0

When running a test case with dask I see 400%+ CPU usage even though I specify 1 worker in multiple ways. On Activity Monitor in OSX I see 2 processes, one with 1 thread, the other with 8 threads with the ThreadPool. I see 2 process, 1 thread and 4 threads with single-threaded. Any idea what all these threads are for?

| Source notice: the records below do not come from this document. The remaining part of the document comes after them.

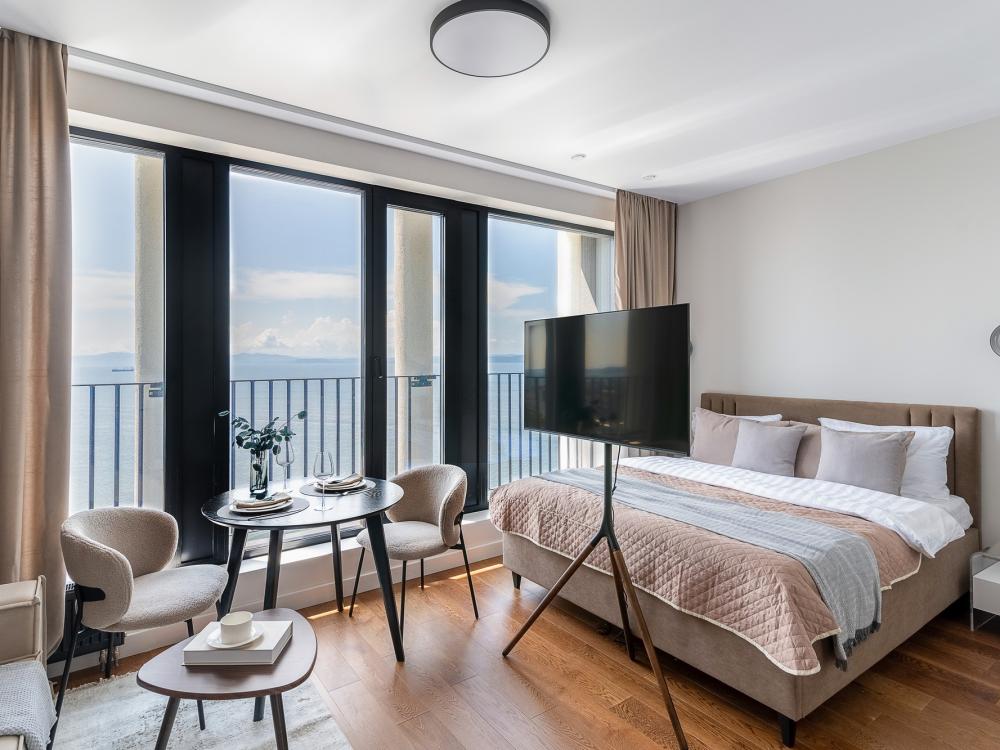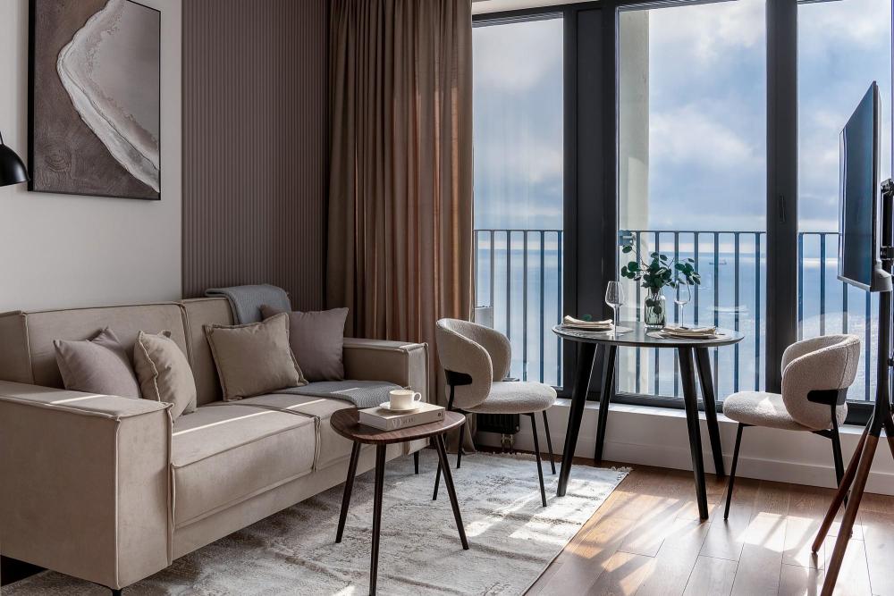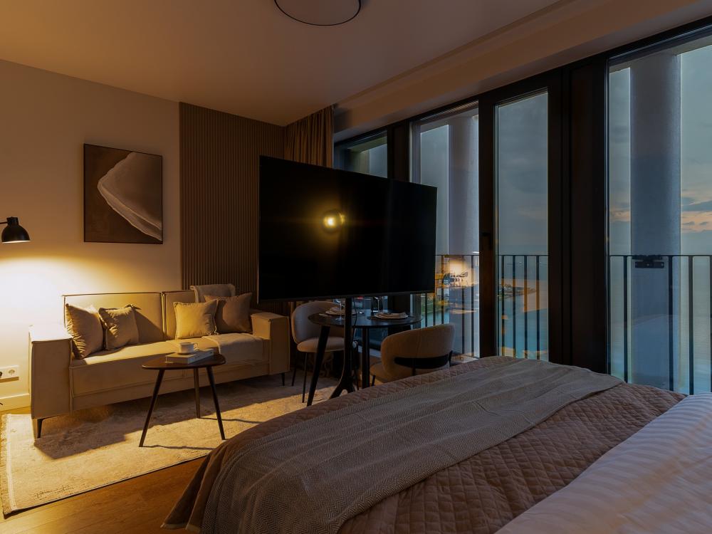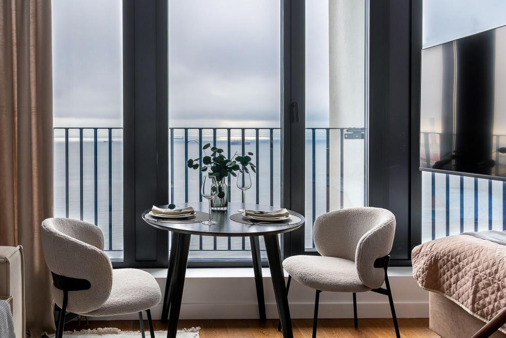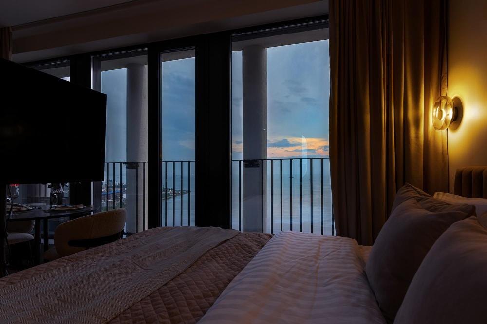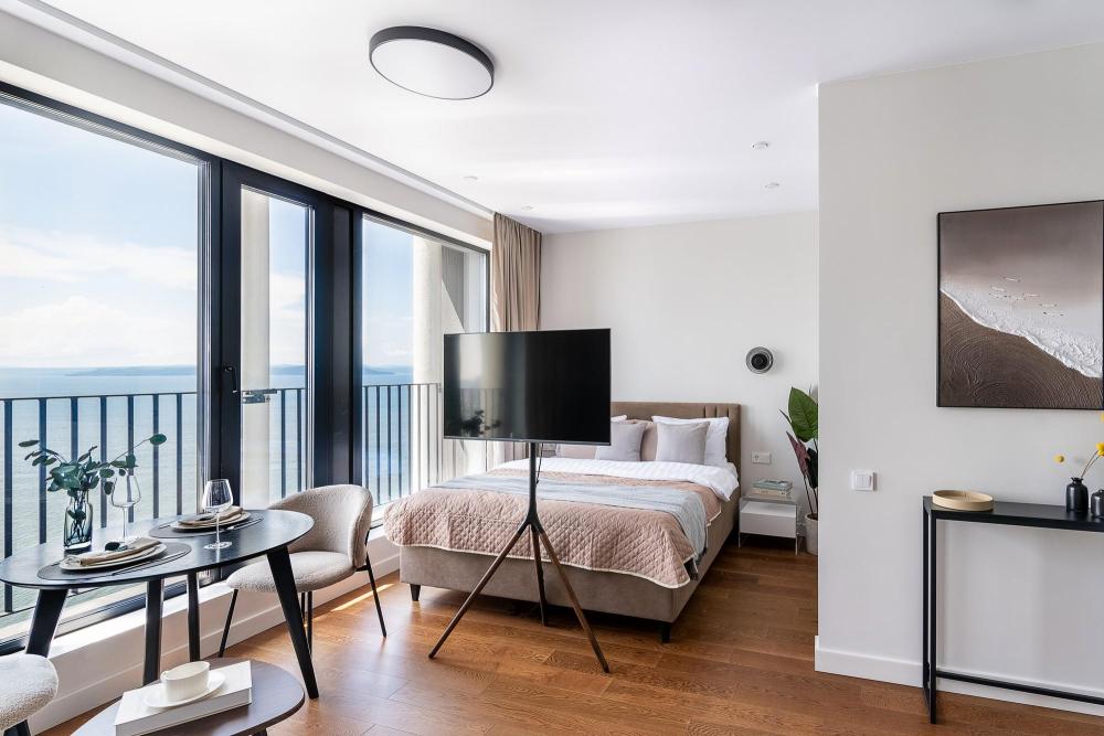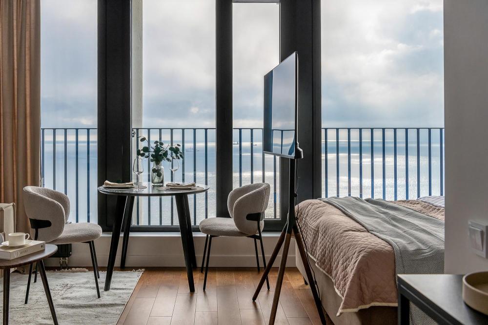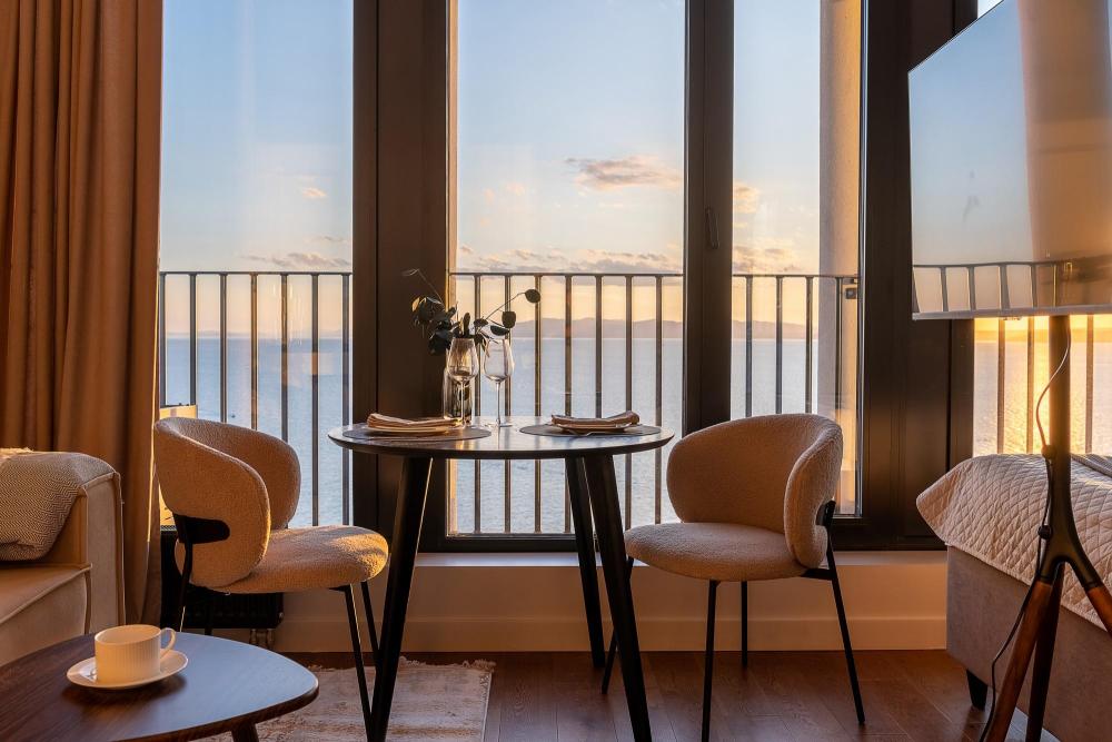 Уютные апартаменты в нежных тонах с панорамным видом на море. Погрузитесь в атмосферу спокойствия и гармонии в наших светлых апартаментах, оформленных в мягких пастельных оттенках. Здесь каждый элемент создан для того, чтобы вы чувствовали себя как в курортном отеле, но с теплом домашнего уюта. Особенности квартиры: ✔ Просторная студия с зонированием на спальную и гостевую зоны. ✔ Большие окна с видом на море – провожайте закаты, не вставая с кровати. Особенно красиво во время штормового ветра. ✔ Дизайн в пастельных тонах – создают расслабляющую атмосферу. ✔ Удобная кровать с ортопедическим матрасом и качественным бельем. ✔ Полноценная кухня с чайником, микроволновкой/духовкой, холодильником и базовой посудой. ✔ Бесплатный Wi-Fi, Smart TV, кондиционер. ✔ Терраса/балкон где можно постоять под звуки прибоя. Почему стоит выбрать нас? - Идеально для романтического отдыха – мягкие тона и вид на море создают особую атмосферу. - Фото в Instagram – интерьер в пастельной гамме выглядит эстетично и «цепляет» взгляд. Расположение: - прям на берегу моря; - В доме есть кафе, зоны отдыха как во дворе так и на крыше с мягкой мебелью и шикарным видом закрытым прозрачными стеклами от ветра.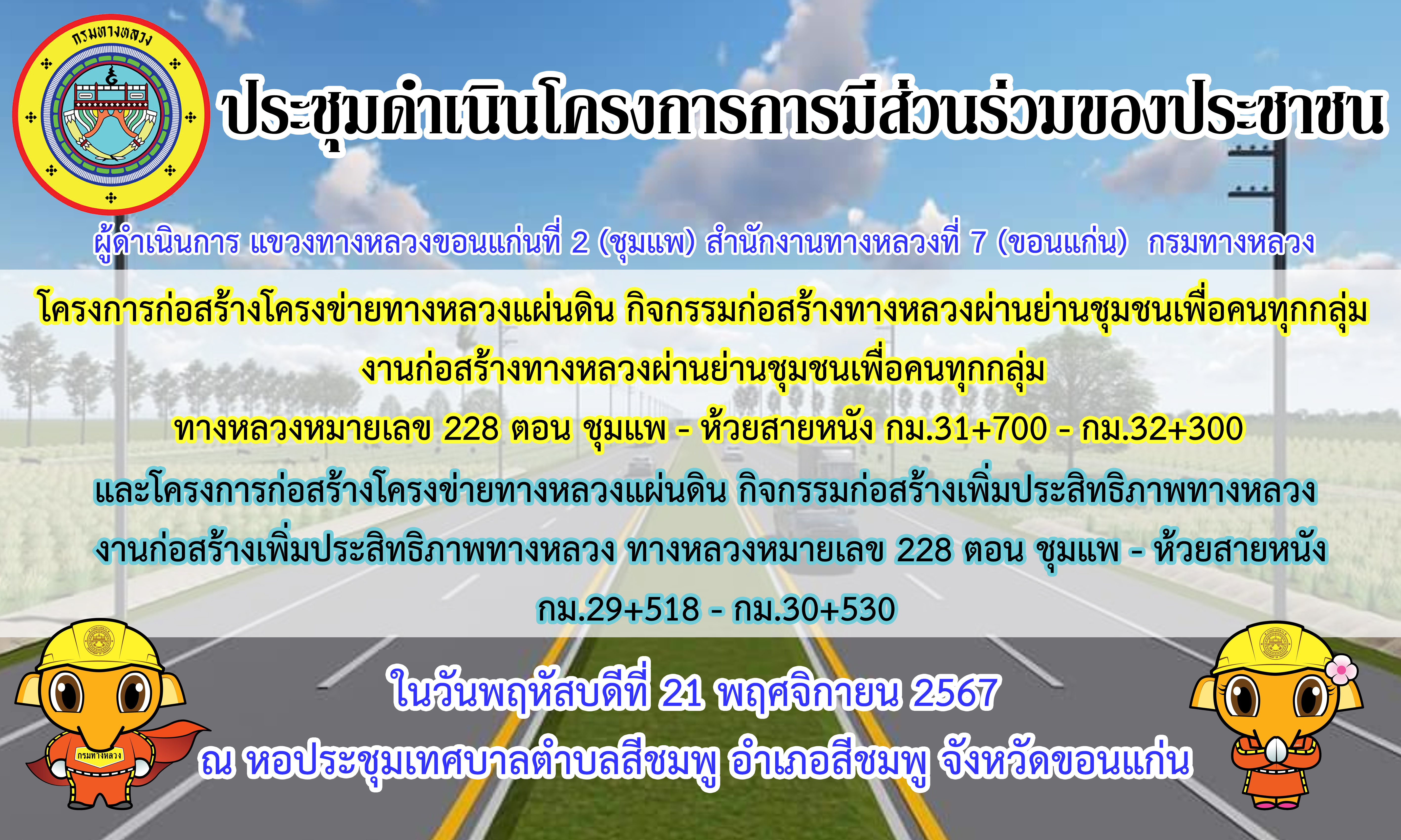โครงการก่อสร้างโครงข่ายทางหลวงแผ่นดิน กิจกรรมก่อสร้างทางหลวงผ่านย่านชุมชนเพื่อคนทุกกลุ่ม งานก่อสร้างทางหลวงผ่านย่านชุมชนเพื่อคนทุกกลุ่ม ทล. 228 ตอน ชุมแพ - ห้วยสายหนัง กม.31+700 - กม.32+300 |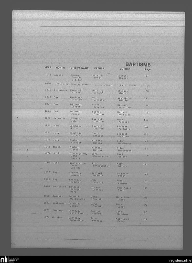 Mullingar; County of Westmeath; Diocese of Meath. Baptisms, Aug. 1883 to July 1895
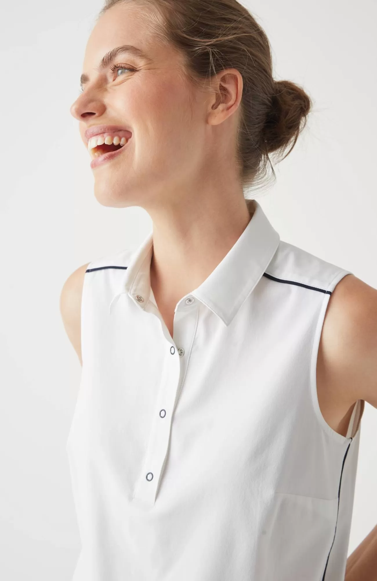 A sporty classic upgraded with contrast piping and a snap placket. We created it in our woven water-repellent tech fabric that’s breathable, silky and lightweight—aka, it's the perfect top for workouts or when you're on the go. Plus, we added a touch of stretch for comfort and ease of movement.

Related: What threads do Dask Workers have active?

import dask
import dask.array as da
from dask.diagnostics import Profiler, ResourceProfiler, CacheProfiler, visualize
from multiprocessing.pool import ThreadPool

def main():
    a = da.random.random(size=(20000, 1000), chunks=(1000, 1000))
    q, r = da.linalg.qr(a)
    a2 = q.dot(r)
    out = a2.compute()


if __name__ == "__main__":
    with Profiler() as prof, ResourceProfiler(dt=0.25) as rprof:
        #with dask.config.set(pool=ThreadPool(1)):
        #with dask.config.set(num_workers=1):  # 1 worker, 400% usage
        #with dask.config.set(num_workers=1, scheduler='single-threaded'):  # 1 worker, 400% usage
        with dask.config.set(pool=ThreadPool(1)):  # 1 worker, 400% usage
            main()
    visualize([prof, rprof])

Edit: If I comment out the profilers and ThreadPool imports I got 1 process with 4 threads after specifying num_workers=1, scheduler='single-threaded'.

djhoese
  • 3,567
  • 1
  • 27
  • 45

1 Answers1

2

Dask is only running a single task at a time, but those tasks can use many threads internally. In your case this is probably happening because your BLAS/LAPACK implementation is multi-threaded.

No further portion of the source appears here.